» Problem
Without including any images, repeat the listing below exactly.

» Recorded data
§ §
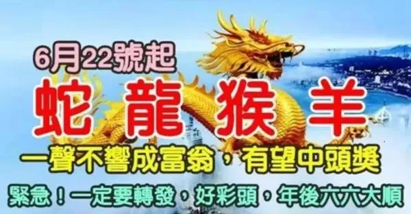 八大生肖:6月22日開始最有頭獎運
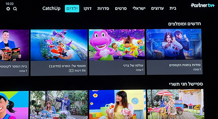 - ילדים – מסך מלא של תוכן לילדים לכל הגליאים עם כוכבי הילדים, הצגות, סדרות חדשות ומומלצות, ספיישל חגים, סדרות וסרטים מהערוצים כמו ניקלודיאון, Zoom, ג’וניור, הופ, Wiz, KidZ ועוד…
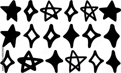 Set of abstract star and diamond shapes in bold and minimalist styles, vector designs perfect for patterns, backgrounds, decorations, and modern graphic projects.
§ §
» The completed task
 八大生肖:6月22日開始最有頭獎運
 - ילדים – מסך מלא של תוכן לילדים לכל הגליאים עם כוכבי הילדים, הצגות, סדרות חדשות ומומלצות, ספיישל חגים, סדרות וסרטים מהערוצים כמו ניקלודיאון, Zoom, ג’וניור, הופ, Wiz, KidZ ועוד…
 Set of abstract star and diamond shapes in bold and minimalist styles, vector designs perfect for patterns, backgrounds, decorations, and modern graphic projects.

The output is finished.